Beyond papers, I love building the full stack with my hands — capture studios, sensors, and the systems that power the datasets above.

	DailyCap Studio: Built from Scratch A multi-view capture studio (42 Z-CAM + 16 OptiTrack) at ShanghaiTech that I built from scratch as the first student on the project — from frame design and camera layout to synchronization, calibration, and the full capture pipeline.
	HOI-X Studio A hybrid interaction-capture rig combining side-view sensing (12 Z-CAM E2 + 8 OptiTrack) with egocentric sensing (Pupil Core eye tracker + RealSense D455) for fine-grained human-object interaction capture.
	NeuralDome Studio: 76 Z-CAM + 16 Vicon I maintained and operated the ShanghaiTech multi-view dome with over 100 cameras, powering large-scale human-object interaction datasets including NeuralDome (CVPR 2023) and HOI-M3 (CVPR 2024).
	Franka FR3 Robot Arm Platform I built a Franka FR3 manipulation platform from scratch in the lab at Stanford — fabricating the mobile stand from raw aluminum extrusions, assembling and calibrating the arm, and setting up the gripper, wrist-mounted camera, and control stack.

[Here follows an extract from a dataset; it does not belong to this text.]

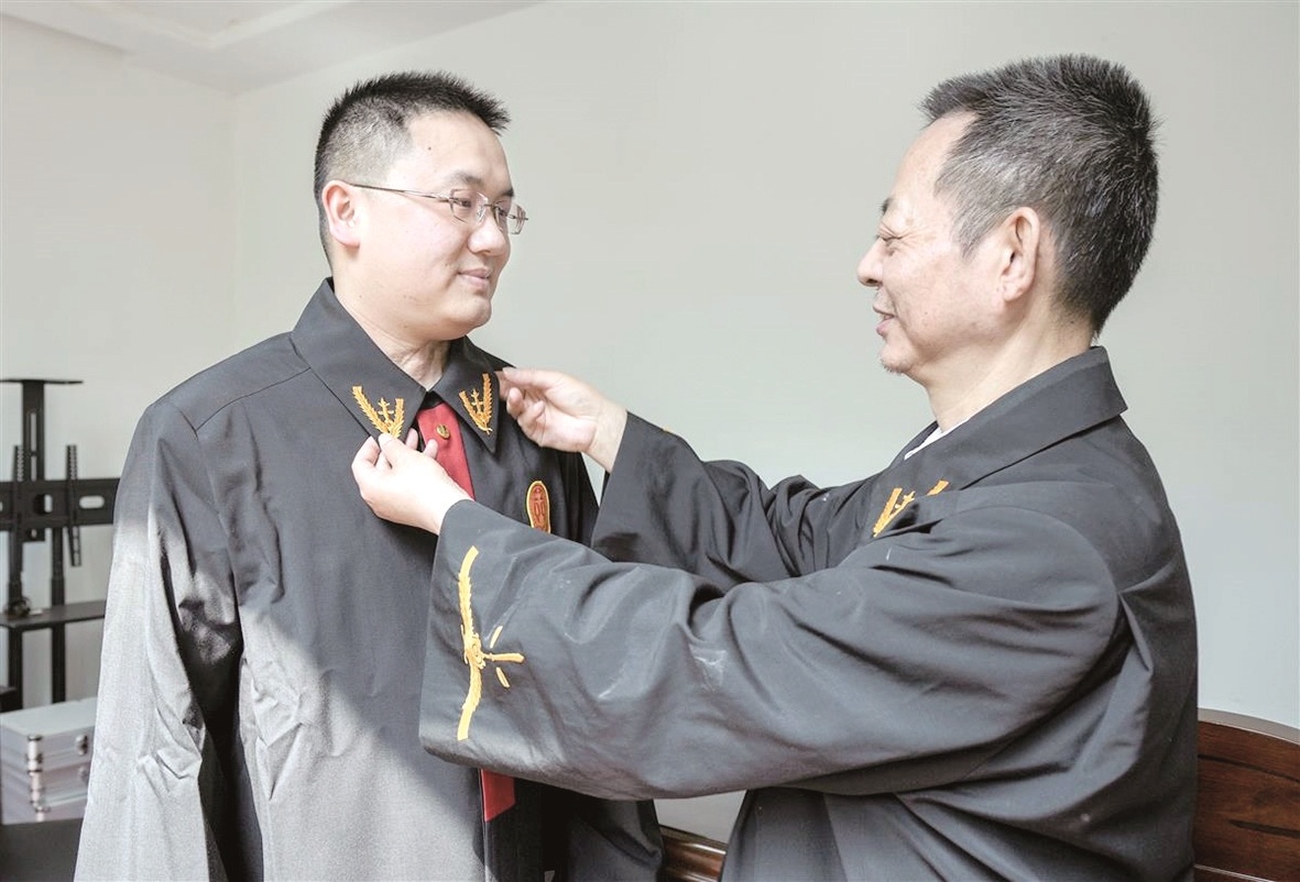 自己的徒弟第一次开庭,刘海涛还送来一份特殊的“礼物”—一件自己穿过多年的法袍。“希望你穿上这身法袍后,能够做一名有韧劲、有尺度、有温度的法官。”

	Wireless IMU Sensors Designed from Scratch I led a small team to design custom wireless IMUs (ESP32/Nordic + 9-axis sensing over Bluetooth/Wi-Fi), embedded into objects and clothing — including a flexible-PCB version thin enough to be worn directly on the face for facial capture.